– Да, – киваю я. – Создавая самого себя, обретаешь источник великой гордости. Но это дает и ощущение, что у тебя нет никакого фундамента. Я знавал многих одаренных детей иммигрантов, которым кажется, что они – лилии, растущие в болоте. Прекрасные цветы, но без глубоких корней.
Майкл вспоминает, как я говорил то же самое много лет назад, и замечает, что рад этому напоминанию. Мы договариваемся провести еще несколько сеансов, и он признается, что уже чувствует себя лучше.

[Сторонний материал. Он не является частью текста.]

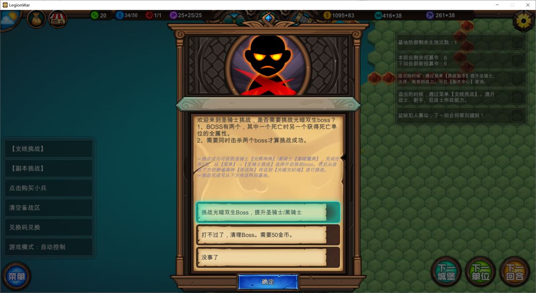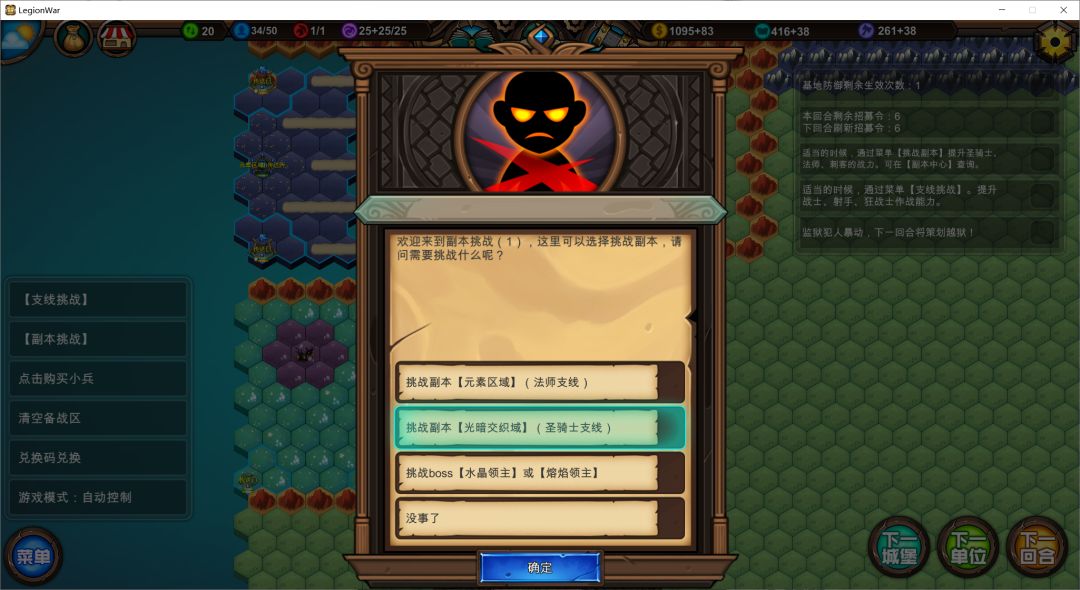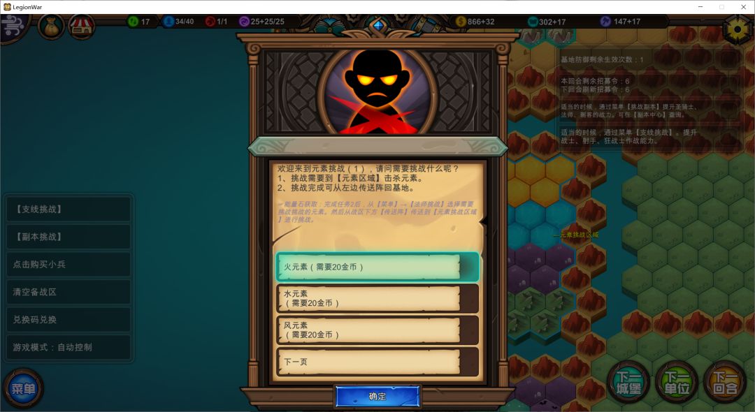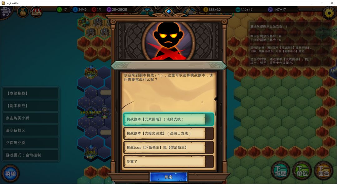 点击菜单【副本挑战】生成挑战怪:X元素
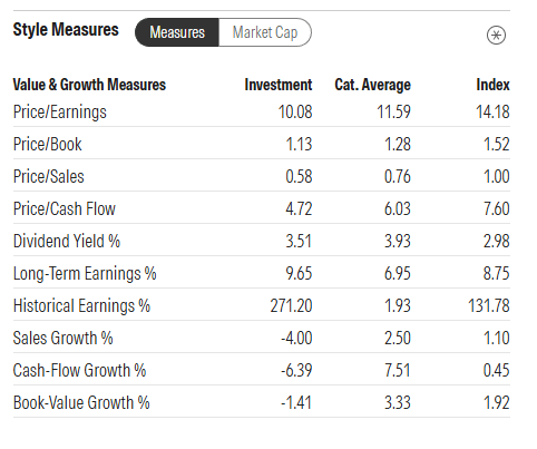 The price earnings is 10 times compared to the benchmark index of 14 times. This despite AVDV going up 41% this year. You also detect the historical earnings growth of 271% (a large part due to the USD weaken) which is better than the index historical earnings growth off 131%. But what we are concern about is the long term earnings growth and you get a batch that is still projected to grow 9.6%.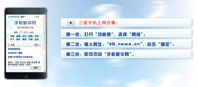 三星:依次選“上網(wǎng)鍵”-“收藏夾”-選擇一個空的收藏夾地址-確認url地址-輸入“手機新華網(wǎng)”

Мне всегда хорошо работалось с Майклом. У нас возник контакт с самой первой встречи, и он временами говорил мне: ему кажется, я – единственный человек, который по-настоящему его понимает. В первый год нашей терапии он много рассказывал о своей спутанной идентичности. Действительно ли он был тем самым «отличником», который давал фору всем остальным? Или бездельником, который проводил свое свободное время за бильярдом или игрой в кости?
Как-то раз, когда Майкл снова жаловался на спутанную идентичность, я рассказал ему свою историю – об окончании средней школы имени Рузвельта в Вашингтоне. С одной стороны, меня официально уведомили, что я получу во время вручения аттестатов почетную медаль школы Рузвельта. Однако в выпускном классе я открыл небольшой букмекерский бизнес, принимая ставки на бейсбол: я давал десять к одному, что любые три произвольно выбранных игрока в любой отдельный день не сделают все вместе шесть хитов. Шансы были в мою пользу. Я на диво хорошо зарабатывал, и у меня всегда были деньги, чтобы купить для Мэрилин Кёник, моей постоянной девушки, букетик гардений на корсаж. Однако за пару дней до выпускного я потерял свой блокнот с записями ставок. Куда он запропастился?! Я лихорадочно искал его повсюду вплоть до самого момента вручения аттестатов. Даже услышав свое имя и начав путь через сцену, я дрожал, гадая, что произойдет – меня наградят за блестящее окончание школы или исключат за азартные игры?
Когда я поведал эту историю Майклу, он расхохотался во все горло, а потом пробормотал:
– Вот такой мозгоправ мне определенно по душе!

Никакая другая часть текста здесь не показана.